Common sense suggests that Nawaz should return when the elections are only a few weeks away so that he is not overexposed to unremitting media. Another understandable reason is to shun a naming and shaming exercise about those who masterminded his ouster in 2017. Nawaz hopes that his name can be cleared in legal terms so that he is allowed an honourable return. But the billion-dollar question remains: will his return ensure that his brother can return to the office of prime minister or will he want the throne for himself? Grapevine has suggested for years that the establishment wants a schism between the two brothers and that it favours the younger Sharif for being more flexible and ‘forgiving’. Party workers, however, worry that Shahbaz is not a winning horse. “Shahbaz sahib may be a good performer but he can’t win us the elections, especially with the Imran factor still in play. The party, the voters, the supporters need Mian sahib back in the driving seat ASAP,” four PML-N ministers have told me in recent weeks.
Will the courts clear Nawaz ahead of the elections and allow him to contest as a redeemed man? A bigger question still is if the establishment will let him contest. These are serious questions with no clear answers. But these questions are about Nawaz and not his party that is bound to face a quadrangular attack in a few months’ time. The most potent political challenge will come from a current ally – Asif Ali Zardari. The man is on a mission to see his son become the prime minister. Bilawal might have been tutored well but will Zardari, the astute strategist, throw him in at the deep end when the pool is pulsating with killer sharks. Why not pitch himself instead? He has been in touch with politicians from other provinces lately. If he secures the electoral adjustments from the PML-N for his leading Punjabi comrades and wins a few seats in Balochistan and the KP, he could be a potent threat to PML-N’s plans.
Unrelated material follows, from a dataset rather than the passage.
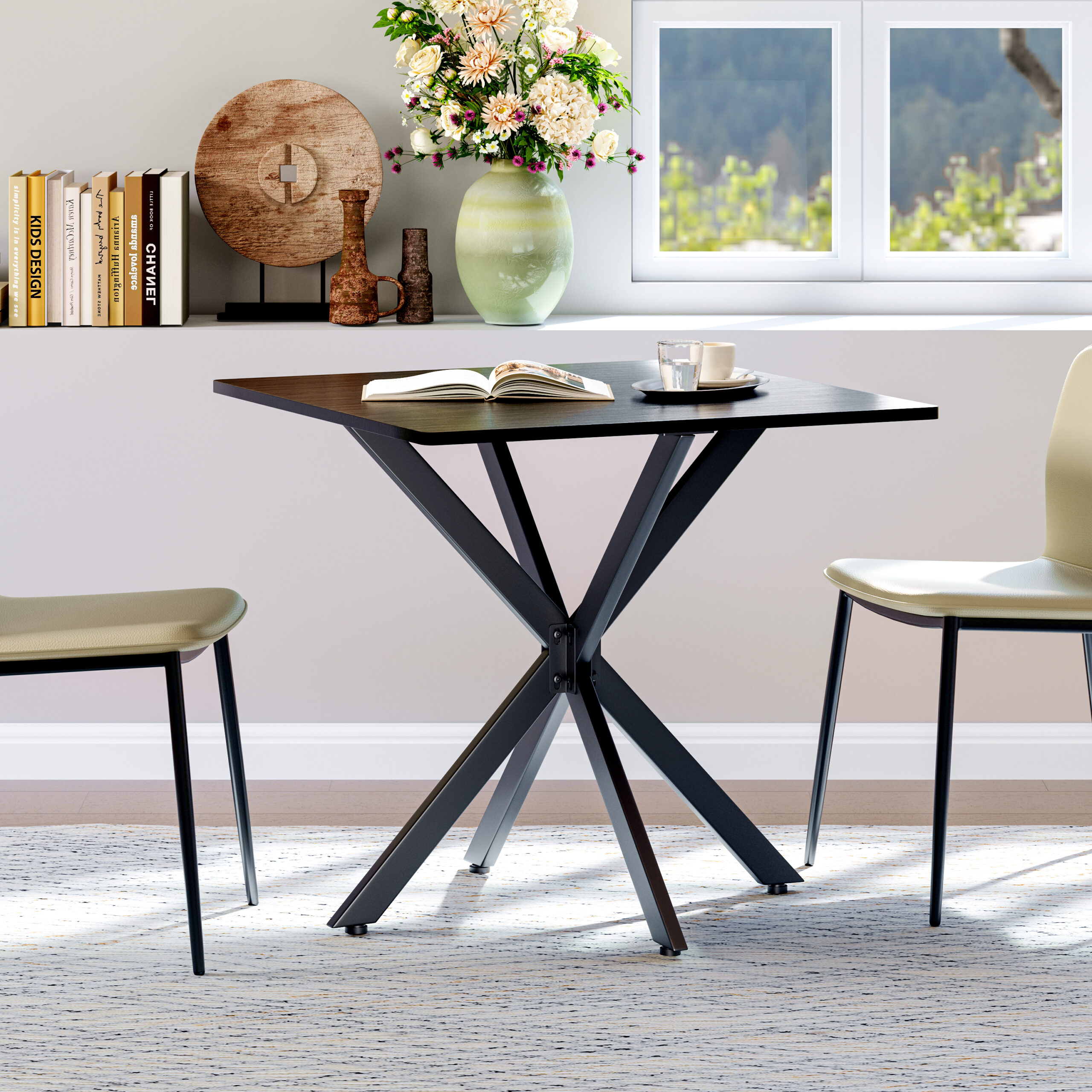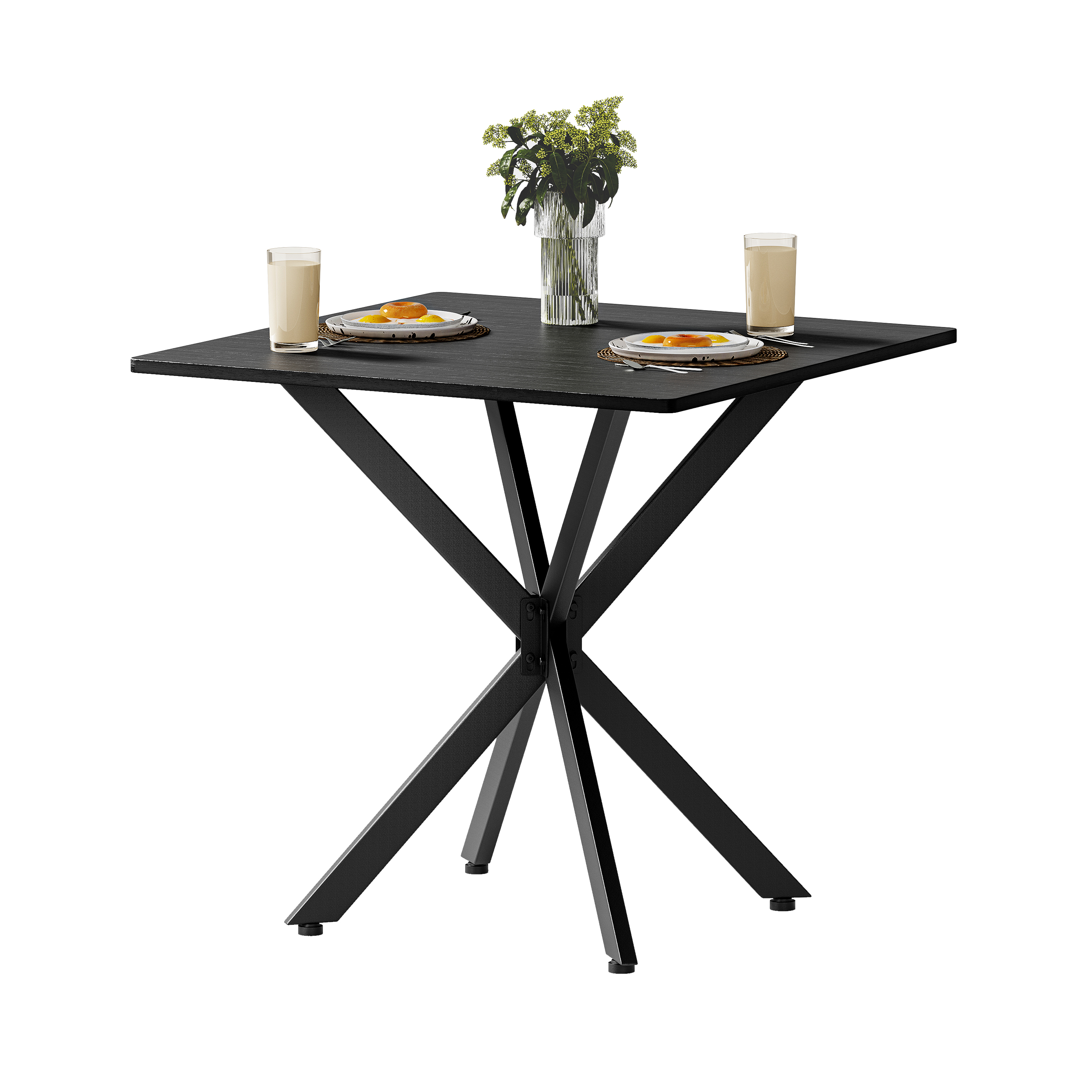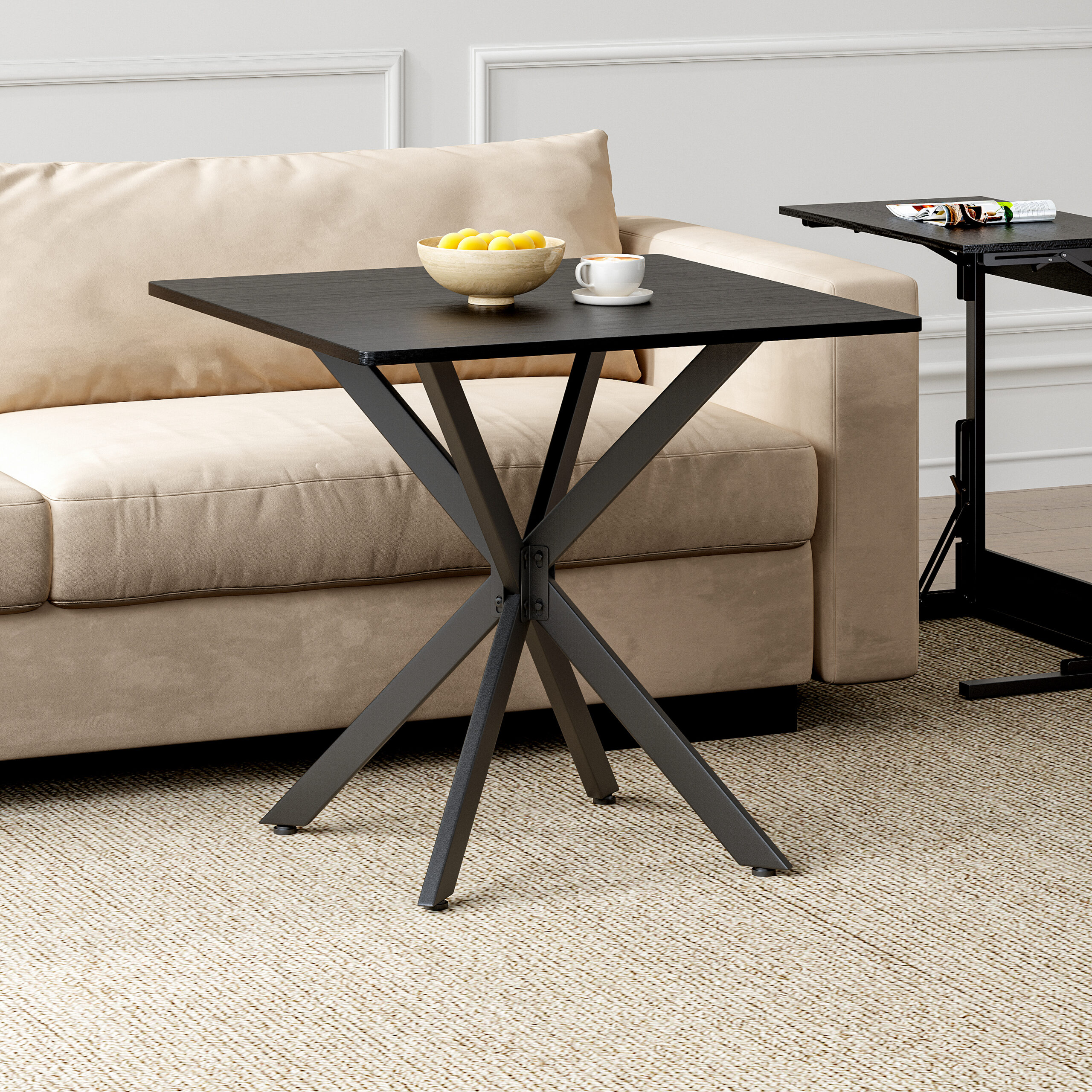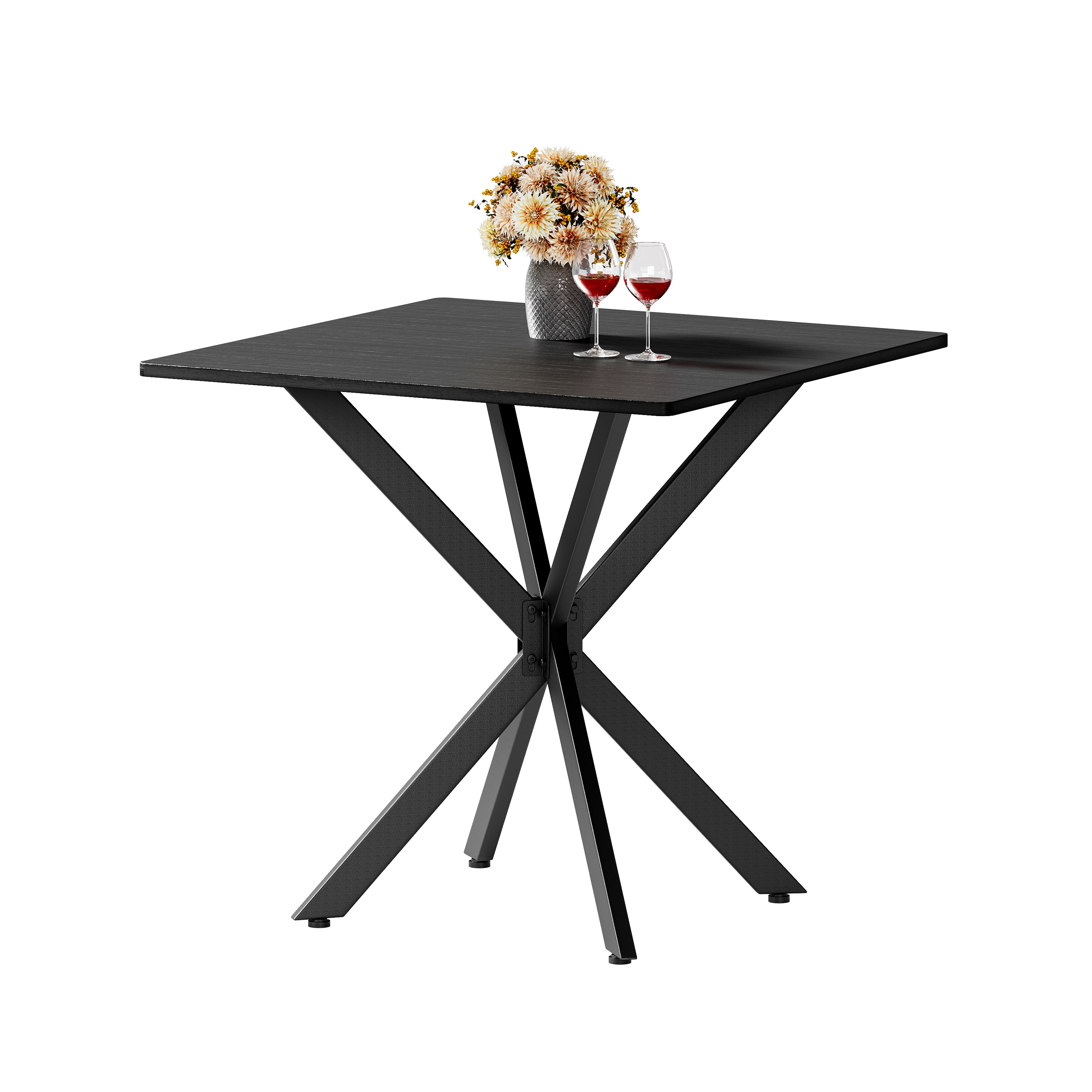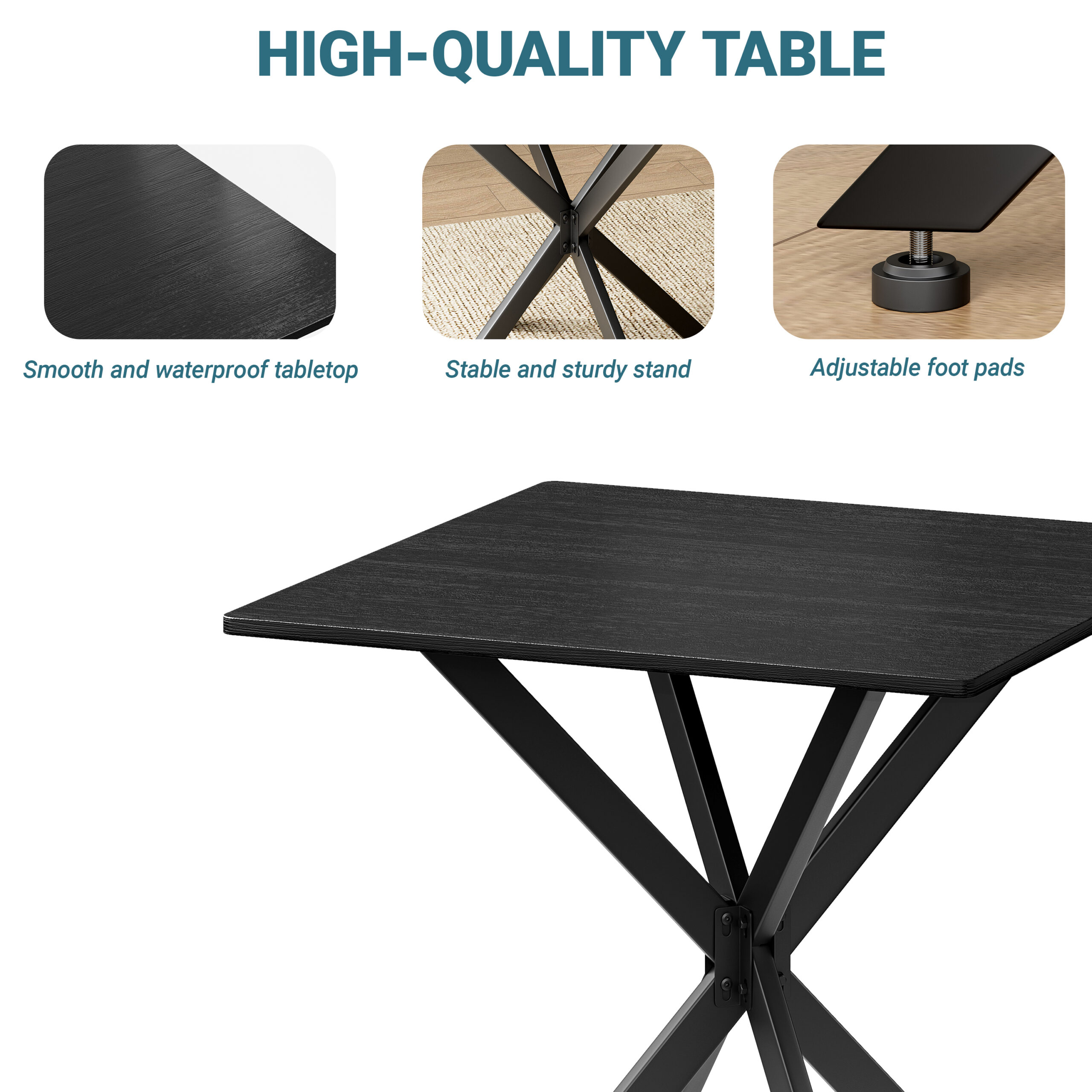 - Single Box ProductProduct Name:Rustic Square Side Table, X-Frame Metal Legs with Wood Grain Tabletop, Industrial Accent End Table for Living Room, Bedroom & Home Office, Balck, 31.5 x 31.5 x 29.5 InchesMain Color:BlackMain Material:Particle BoardProduct DimensionsAssembled Length (in.):31.50Assembled Width (in.):31.50Assembled Height (in.):29.45Product Weight (lbs.):27.80Package SizeLength (in.):36.42Width (in.):34.65Height (in.):2.76Weight (lbs.):32.63Product FeaturesModern Matte Black Finish: Features a sleek, full matte black finish with clean lines for a timeless monochrome look. This versatile design instantly elevates modern, industrial, or contemporary spacesMulti-Purpose for All Spaces: Works perfectly as a sofa side table, small coffee table, balcony accent table, or a compact dining table for two. It blends stylish appearance with practical function to meet your daily placement and storage needs anywhere at homeStable & Wobble-Resistant Structure: Built with premium powder-coated steel X-frame support and 4 adjustable leveling feet. It fits uneven floors easily, keeps the table balanced firmly, and maintains steady performance for daily useStain-Resistant & Easy to Maintain: The high-quality laminated tabletop is water-resistant, scratch-resistant, and stain-repellent. Daily spills and dust can be cleaned quickly with a damp cloth, saving maintenance time and keeping the table looking freshHassle-Free Quick Assembly: All necessary hardware and clear instructions are included. Assembly is quick and straightforward, so you can start using this functional table in minutesDescriptionsProduct DetailsProduct Dimensions31.5″L x 31.5″W x 29.5″HN.W / G.W27.8 lbs / 32.6 lbsMaterialsEngineered Wood, IronIncluded Components1 Table, All Necessary Hardware, Instruction ManualNumber of Packages1

Can the PML-N demand a few seats in Karachi as a quid pro quo? Only time will tell.
The PML-N will be up against another political hazard in south Punjab – the Istehkam-i-Pakistan Party. Both Jehangir Tareen and Aleem Khan have a point to prove to their former political boss. Both harbour a desire to be the chief minister of the Punjab – the most powerful office after the prime ministership. If the IPP can pick 10 to 15 National Assembly seats and 20 to 25 provincial constituencies, they can demand the chief minister’s slot from the PML-N and the PPP. The latter shouldn’t have a problem in agreeing to their ask if that helps it grab the Centre. But will the PML-N dare do that? No way. A central government without the Punjab is not what they are after. If Nawaz is allowed to contest and if he wins, PML-N might like to repeat its 1997 model, with Shahbaz running the Punjab.
Nawaz can also use Maulana Fazl-ur Rehman, offering him the presidency to secure his support in the KP and Balochistan. Electables in Balochistan always manage to win lucrative positions. Some of them have been meeting the PPP and PML-N leaders.
On paper, the contest looks like a two-way fight – between the PPP and the PML-N. But many more hazards are stacked against the PML-N. Will Imran Khan and millions of his loyal supporters be a factor or will he be disqualified? Will the establishment agree to Nawaz’s ascendency or will they ask him to retire in favour of his brother? Will Maryam be given a significant role or will she be asked to take a back seat? Will the PML-N reclaim the Punjab on its own or will it need support from the younger, newer and richer group of politicians in the IPP to regain power? Which way shall the old guard in Gujrat and the northern districts lean? There are questions aplenty but mere guesses by way of answers.